Indian tourists bug me. They roam about with their large families, take a lot of pictures, make a lot of noise, leave plastic about, and then leave in their noisy vehicles. They don't ever dwell on any of the places they've visited, inquisitive about its history or significance. They only seem to want to have some kind of pictorial record of a place that they can tick off their list and brag about visiting later to their friends.

One thing I noticed in Old Manali is the number of international tourists, or rather, the lack of Indian tourists living here. A lot of Indian tourists pass by the town in their vehicles to Manu temple and then go back to their hotels in Manali or elsewhere. But none of them actually stay in Old Manali. I'm trying to figure out why. Maybe a place gets a certain type of reputation after a while, and Indian families don't want to be associated with that kind of reputation.

Also, Indian families like to stay in hotels - the more expensive the better. Probably because they mostly travel as part of a tour group, that prebooks hotel rooms for them.

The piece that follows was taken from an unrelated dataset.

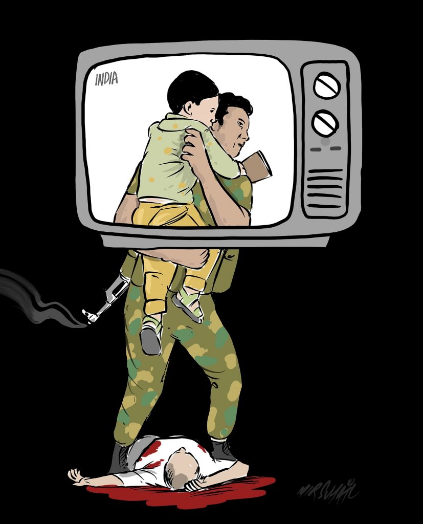 The flurry of gory images of a three-year-old child atop his dead grandfather, his arms stretched backwards, after losing his life during an alleged shootout at Model Town in northern Kashmir’s Sopore area on Wednesday, also pained Kashmir’s artists and cartoonists. Their telling illustrations and cartoons show how the tragedy of the child was exploited and used by a pliant media and politicians from the ruling regime to serve their anti-Kashmir narrative.

Foreigners, not bound by this constraint, are free and in fact prefer to stay at cheap quiet guesthouses with gardens and cafes and like-minded company where they can relax and do their own thing and not be disturbed, like reading a book on a balcony taking in the scenery, as opposed to living in a characterless hotel room with all its typical depressing features that lean towards anonymousness.

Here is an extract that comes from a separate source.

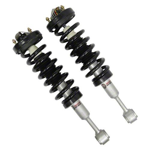Construction and Appearance. Each strut assembly includes brand new coil springs, hardened rubber bushings, and top mounts, ensuring long-lasting structural integrity. The 40mm piston is paired with a chromed hardened piston rod for increased resistance to wear and corrosion. These struts feature a clean, OE-style black finish that complements the undercarriage while resisting rust and road grime.

Furthermore, foreigners want to live in a place they feel comfortable in, not a place where they'd be conspicuous or made to feel self conscious, and the only places in India like this tend to be places already populated by foreigners. The same applies to Indians I guess - they'd like to live around other Indians when they travel.

So P and I walked through Old Manali inquiring at different guesthouses about prices and rooms. They all had rooms available, and though some were more expensive than others, we each found something in our price ranges. Mine is Rs. 300 a night. We waked back to Manali, checked out of the hotel with T and took a rick to our new homes.

Again, the climate here is excellent. It's hot in the middle of the day - but only if you're in the sun. You do sweat a lot if you're walking along an asphalt road in the afternoon. But the moment you step into the shade, you cool down. Five minutes in the shade and you wouldn't believe you'd been sweating five minutes ago. I love this kind of heat. It's dry heat. Not something I've experienced in Mumbai. There, the humidity keeps it hot no matter what the time of day it is. This is the first time I've been so comfy in the last week of May. People in Mumbai must be suffering right now.

I rested for a bit at the guesthouse, then went for lunch and a walk with P & T at the Shiva Garden Cafe and Restaurant, where I tried Israeli food - Pita, Humus, chips and salad. Quite good. I continued alone uphill to the end of the road and Manu temple, and then walked to an ATM in Manali, walked back and got a haircut. I also bought a few nuts and biscuits I might need for lunch if I go an a trek here.

And I've been drinking more water here. Unfortunately, no one here offers refills so I have to keep buying bottled water.

I met the guys for dinner. We went to Dragon Restaurant (attached to the Dragon guesthouse) where I had mixed veg and naan (Rs 100).